How do robots learn?

In this post, we’ll give an introductory explanation to machine learning that explains how robots learn. Machine learning is the study of computer programs to automatically improve through experience. It is used today by self driving cars, robots that pick up & move objects, weather and home price prediction and more.

What are the common types of machine learning?

There are three common types of machine learning:

Supervised Learning: Machine learning where the algorithm is trained on labeled data to predict or map input features to corresponding output labels.

LabelYourData Supervised Machine Learning Example With Labeled Data

One of the common supervised learning use cases is classification and regression. Classification allows us to “classify” inputs into specific outputs, i.e dogs or cats when given an input image. Regression allows us to find an underlying model that corresponds to data points we have seen before, allowing us to roughly predict data we have not seen before:

V7labs classification vs regression examples

The second common type of machine learning is known as Unsupervised Learning: Machine learning where the algorithm explores and identifies patterns or structures in unlabeled data without specific guidance.

LabelYourData unlabeled data example

A common unsupervised learning use case is known as clustering, where you can sort data into groups given some clusters, which may provide some degree of association and information about the data in each cluster (i.e height and likelihood to play in the NBA):

IMerit clustering example

The third common type of machine learning is Reinforcement Learning: Machine learning where an agent learns to make decisions through trial and error in an environment, receiving feedback in the form of rewards or penalties to improve its actions over time.

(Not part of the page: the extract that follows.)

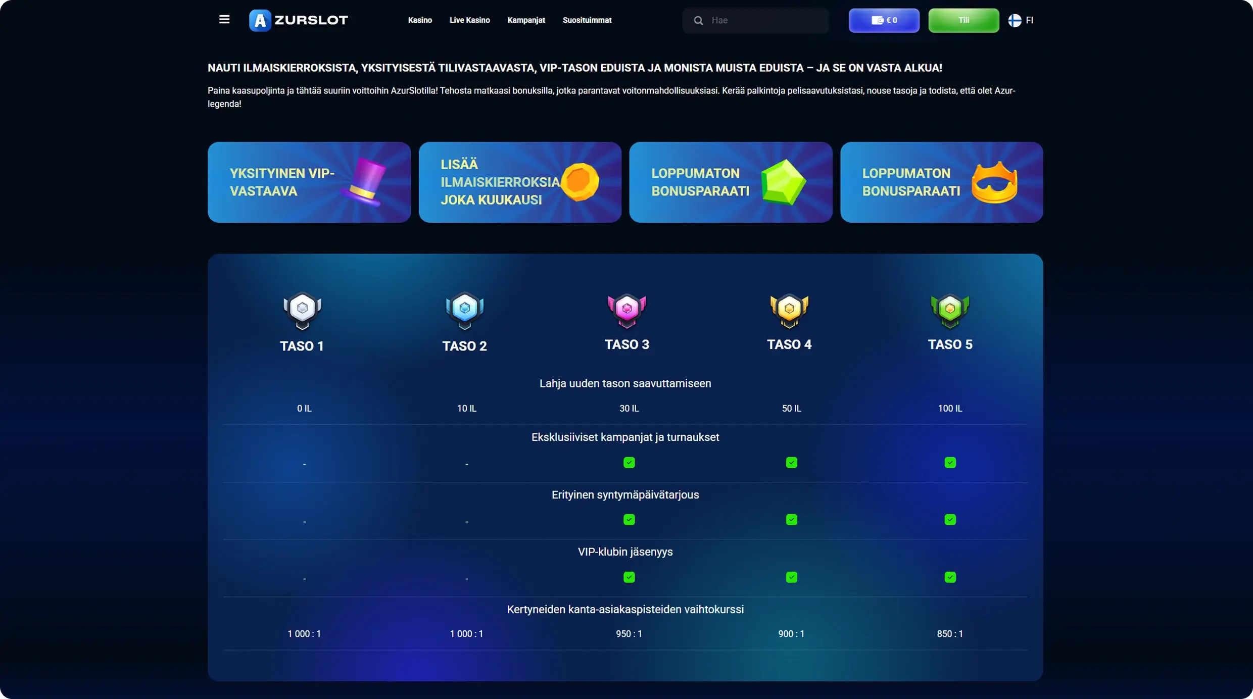 - VIP-taso 1: 1 kolikko jokaista 1 000 € panostusta kohden

Robot learning visualization form Berkeley AIR

A robot can “learn” to move a green cylinder into a red circle by being rewarded if it does. An objective function, such as how close the green cylinder is to the red circle, mathematically encodes how much of a “reward” the robot receives, the higher the reward the better!

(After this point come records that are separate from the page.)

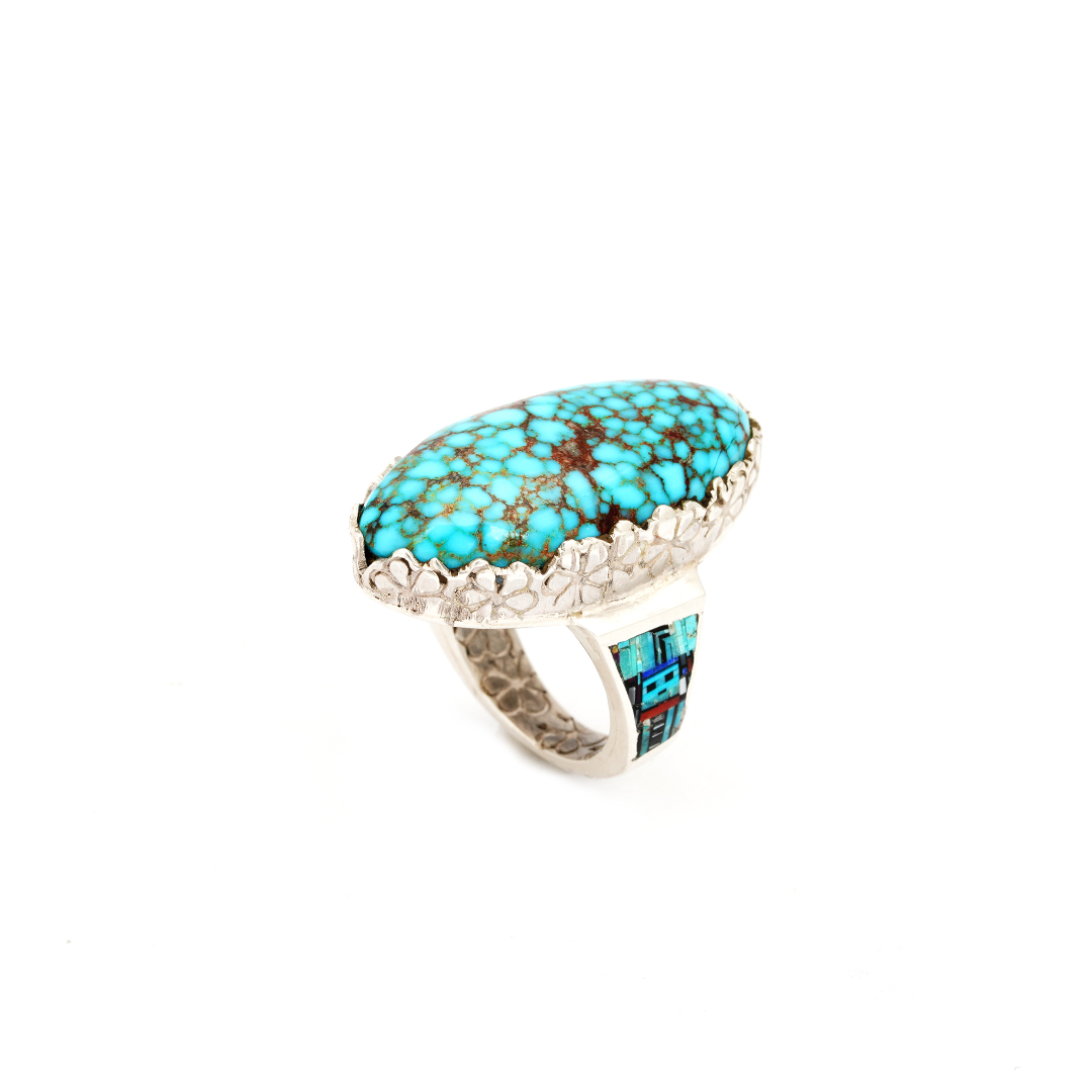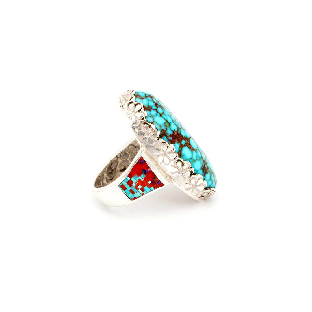 High-grade Kingman turquosie stone in sterling silver hand-stamped floral design bezel on a sterling silver ring by Navajo jewelers Carl and Irene Clark. This isn’t a typical style ring for the Clarks, with their primary focus on the micro-inlay, which this ring still features. On one side, you see the classic Navajo Yei design in turquoise, coral, lapis, jet, and mother of pearl. On the other side, they added a mosaic of coral, turquoise, and lapsi lazuli, which made Carl and Irene known. On the inside, Irene, who designs and makes the metalwork, added more hand-stamped floral designs. Her husband, Carl, cuts and inlays all the mice-fine inlay stones.
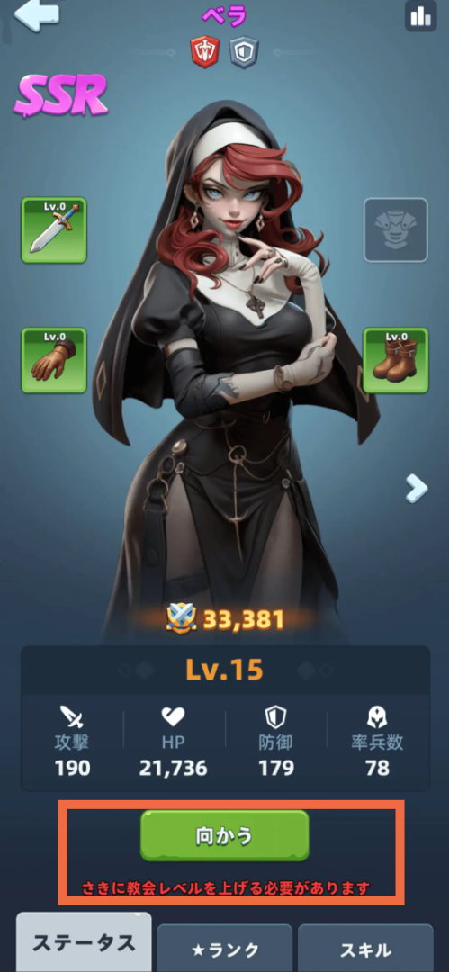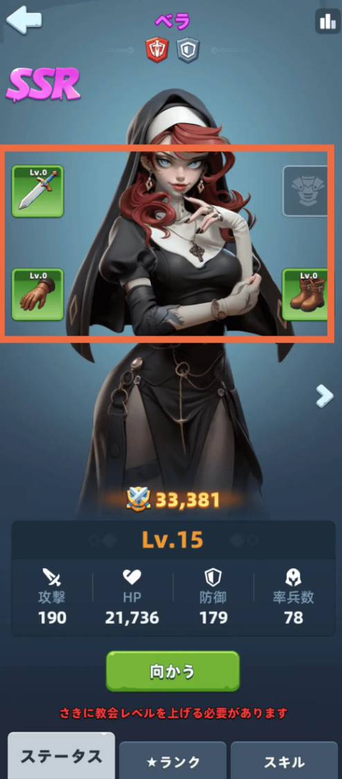 英雄のランクを上げることで強化できます。ランクを上げるには、英雄の欠片が必要になります。
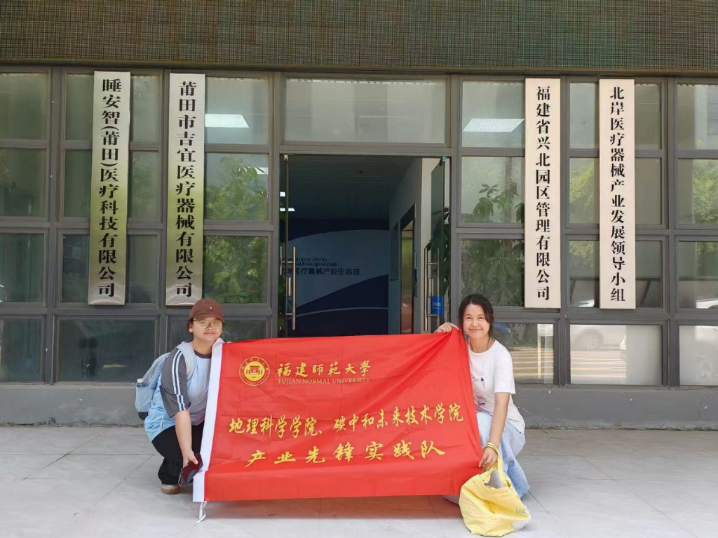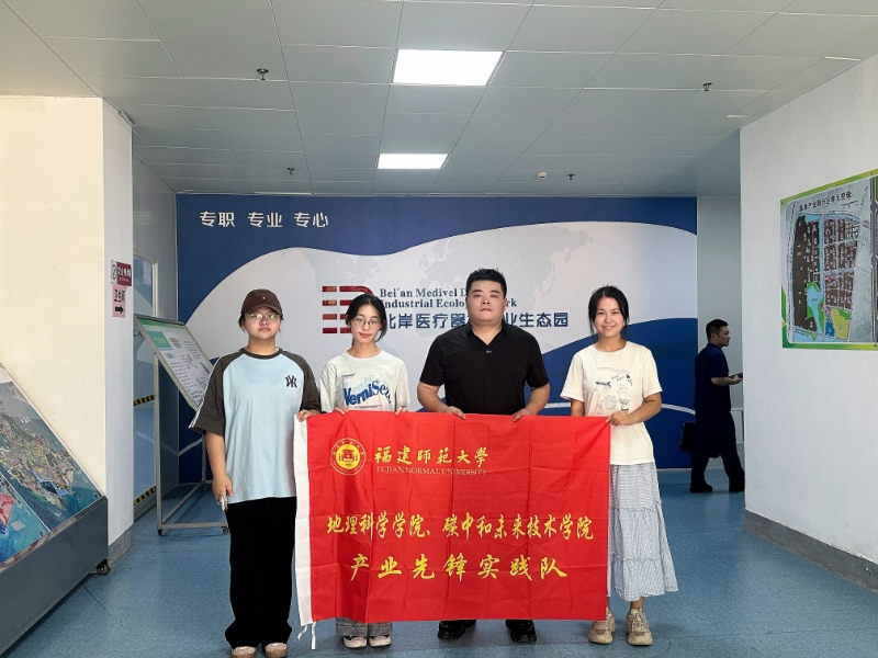 在深入实施“健康中国2030”规划纲要、大力推进生物医药与高端医疗器械产业创新发展的战略背景下,为探究地方健康产业转型升级的实践路径,福建师范大学地理科学学院、碳中和未来技术学院“产业先锋”实践队于7月18日前往莆田北岸经济开发区,对北岸医疗器械产业生态园及区内重点企业太阳树医药有限公司开展了深入的实地调研。实践队通过系统性地走访园区建设、参观企业生产线、与相关负责人进行座谈交流等方式,由此明晰产业发展逻辑,为助力探索产业升级路径贡献青春力量。

Supervised Machine Learning Example: Prediction

Given a lot of data and a measure of “correctness”, we can “train” a prediction function. Basic prediction from a linear regression if question is linear & 2 dimensional (x,y) (i.e your question has two variables, how hot is it depending on the number of clouds in the sky). We could predict how much force do you need to shoot a basket from a specific distance using a linear regression:

Predicting how much force to shoot a basketball from tensorflow

Consider a robot trying play basketball using machine learning:

  • Rules: If the shooter is X distance away from the hoop, shoot the ball with Y force. 
  • Goal prediction: What force (Y) should we use for each distance (X) so that the ball goes in the hoop?
  • When starting, we have no idea how much force we should use for each distance and miss most shots
  • In the beginning with no data, you have no idea how much force is needed to make a basket:
  • We shoot the ball randomly and we “learn” what shot went in the basket by recording force Y at distance X
  • With enough shots made, a linear regression (finding a line from a set of points) can predict how much force is needed for any distance!
  • Good for problems with a 2D (x/y) representation and linear solution, as a line is represented with the equation y=mx+b, the linear regression finds the best m and b that gets as close as possible to the points we consider solutions (i.e baskets made). These set of solution points can be thought of as our training data.
When we start, we miss often
  • Consider graphing all the successful baskets force (y) and distance (x). We would find that most shots fall on a specific line (the “optimal” solution of force for a given distance guaranteed to make the basket):
Distance vs force graph
  • The linear regression line finds the solution with points we labeled/recorded as “distance/forces” that resulted in a basket. With enough of these points, the robot can learn the perfect force to make a basket from any distance!

As we shoot more baskets and update our linear regression (line prediction), we keep improving our prediction and increasing the percentage of shots that go in! We can visualize our improvement over time as well.

Gradient descent visualization left, regression error on right as we approach “correct” solution
  • Visualizing the prediction (red line) over time as error is reduced by recording more baskets distance & force, the linear regression line becomes more accurate / optimal.

On the left we see the gradient descent visualized as we minimize error (misses) by taking more shots.

Playing basketball perfectly using machine learning

  • Once we have enough data by taking enough practice shots and recording (labeling) shots that went in, we will have found a line that predicts the proper force (Y) even for distances (X) we had not previously attempted
  • With enough data, we were able to interpolate the optimal function that reflects the game physics
  • Note this key limitation: basic linear regressions only work for predicting outcomes that can actually be modeled with a linear equation.

We hope with this guide, you have learned a little about how a robot learns, using machine learning techniques. We hope you also learned specifically about how a linear regression can be used to make a prediction given enough data.